#### [Work required]
Every line from the top of the records below through the one containing "Kegiatan silaturahmi dilanjutkan" must be copied exactly, and the pictures must not be.

#### [Dataset entries]
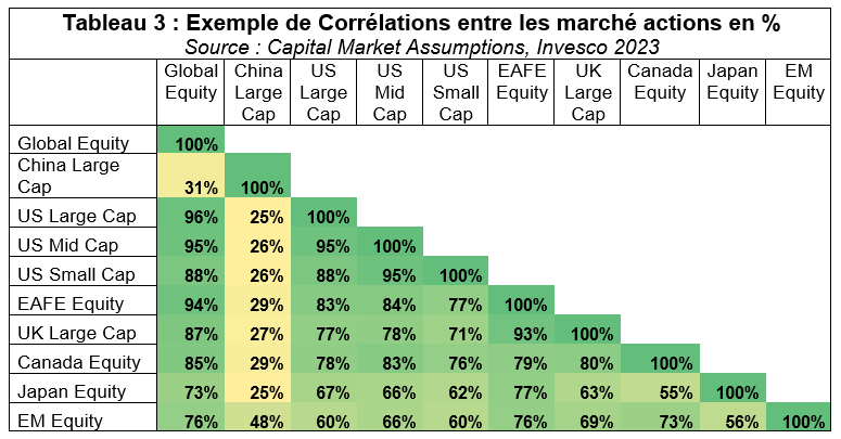 Dans ce cas précis, si les supports ne sont pas parfaitement corrélés, ce qui correspond à la configuration la plus fréquente (cf. Tableau 3 ci-dessous), le SRI du portefeuille sera inférieur à la moyenne des SRI des supports qui le constituent.
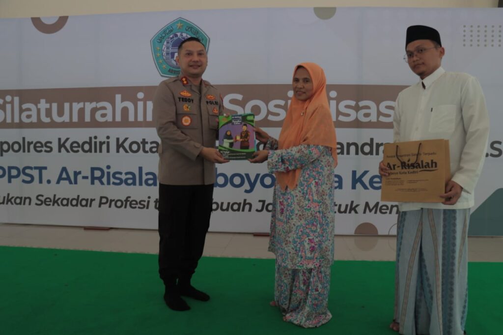 Kegiatan silaturahmi dilanjutkan sosialisasi dihadiri langsung oleh Kapolres Kediri Kota AKBP Teddy Chandra, S.I.K., M.Si. didampingi PJU dan ikut serta Latja Taruna AKPOL tingkat ll (Dua), Pengasuh Ponpes Terpadu Ar Risalah dan Santriwan santriwati
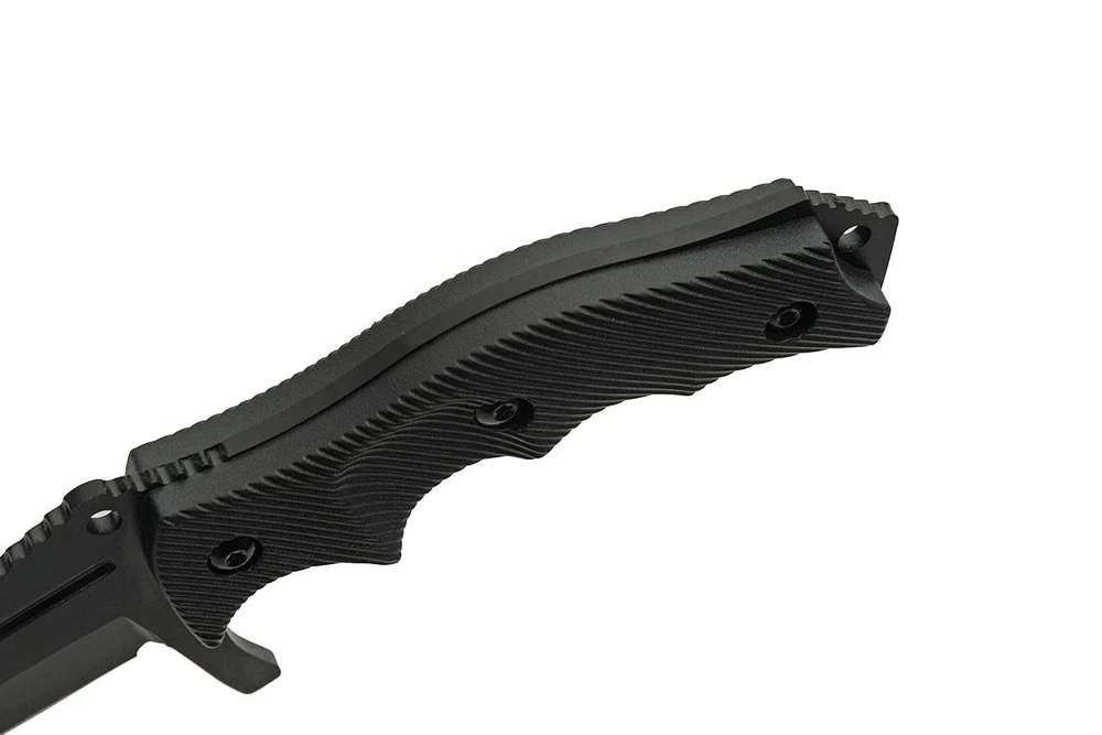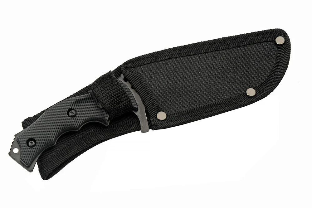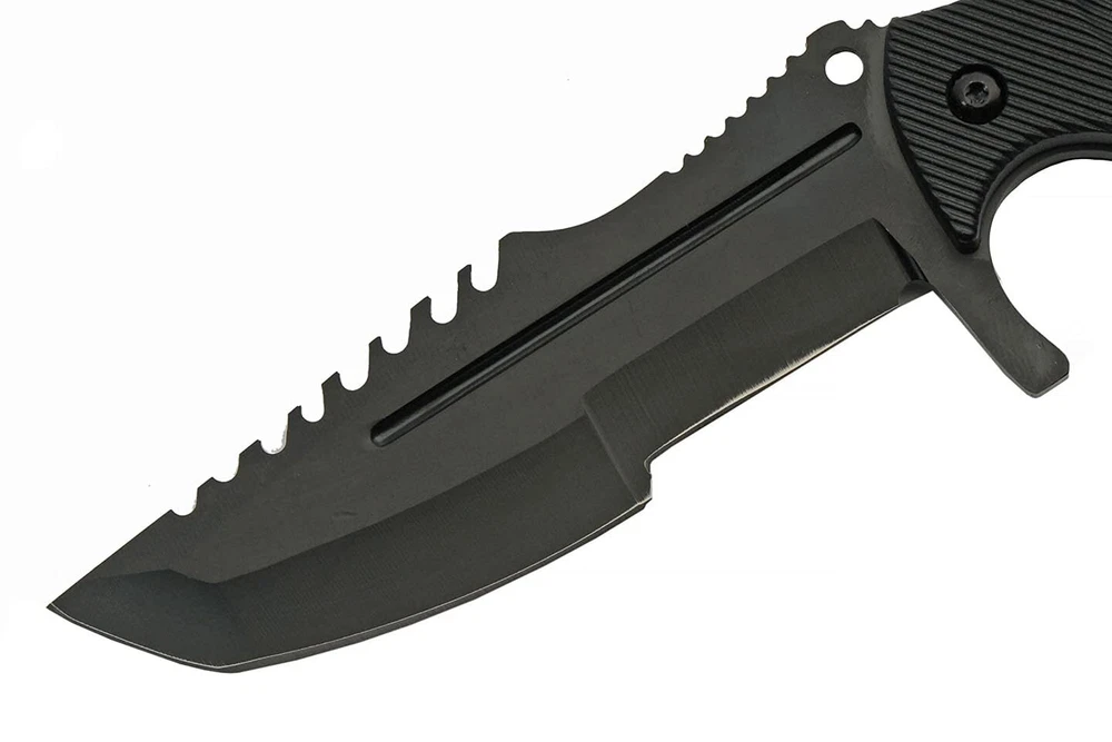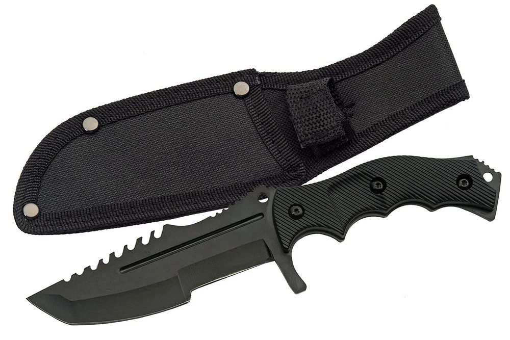 New Rite Edge Hunter Black Fixed Blade Knife 211548-BK 8.5" (21.59cm) overall. 4.5" (11.43cm) black finish sawback stainless blade. Black finger grooved ABS handle. Full tang. Lanyard hole. Black nylon belt sheath. Boxed. Features Dimensions: 8.5 inches in overall length with a 4-inch handle. 4.5 inches in overall blade length 1.25-inch width and 3mm thickness. Lasting: This tanto knife features a full tang sawback blade made from premium quality 440 stainless steel treated for long-lasting edge retention and resistance to rust and corrosion. Handle: The handle on this survival knife is made with a strong ABS material grooved and ergonomically designed with finger ridges and a partial guard for optimal efficiency when in use. Sheath: Accompanied with the all-black tactical knife is a durable nylon sheath with a belt loop for safe storage and easy on-the-go access. Application: This is an ideal outdoor knife for everyday carry to assist in all your, hiking, camping, hunting, fishing and survival needs. Makes an excellent gift knife for the knife enthusiast in your life. Details Fast and Free Shipping We get your order shipped out within 1-business day and delivered to your doorstep as quickly as possible. Competitive Pricing With our dynamic pricing model, our prices are always competitive. Our prices are some of the lowest that you will find on the internet. Rest assured that you're getting a good deal when purchasing with us. 30-day Money Back Guarantee We are committed to making sure that you leave this transaction satisfied. If you're unhappy with the product for any reason, you may return it back for your money-back or a replacement within 30 days. No questions asked!
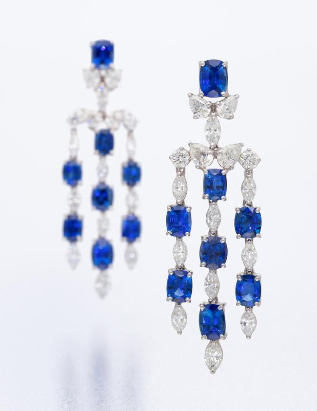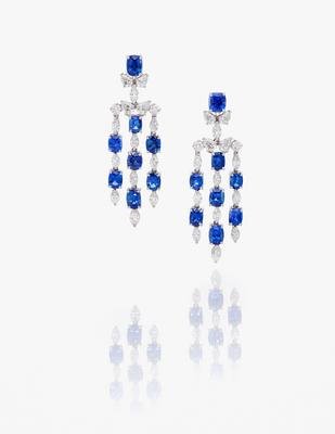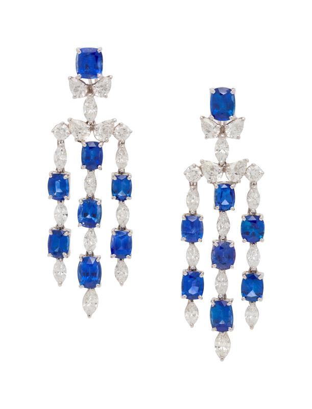 containing 16 cushion and oval mixed cut sapphires weighing 21.94 carats total and 20 marquise cut, eight pear shape and four round brilliant cut diamonds weighing 9.02 carats total, posts with clip backs.
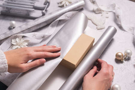 Womens hands are wrapping a Christmas present in silver wrapping paper.
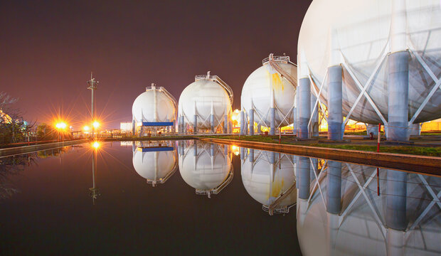 Natural gas tank at night - LNG or liquefied natural Industrial Spherical gas storage tank

#### [Task result]
 Dans ce cas précis, si les supports ne sont pas parfaitement corrélés, ce qui correspond à la configuration la plus fréquente (cf. Tableau 3 ci-dessous), le SRI du portefeuille sera inférieur à la moyenne des SRI des supports qui le constituent.
 Kegiatan silaturahmi dilanjutkan sosialisasi dihadiri langsung oleh Kapolres Kediri Kota AKBP Teddy Chandra, S.I.K., M.Si. didampingi PJU dan ikut serta Latja Taruna AKPOL tingkat ll (Dua), Pengasuh Ponpes Terpadu Ar Risalah dan Santriwan santriwati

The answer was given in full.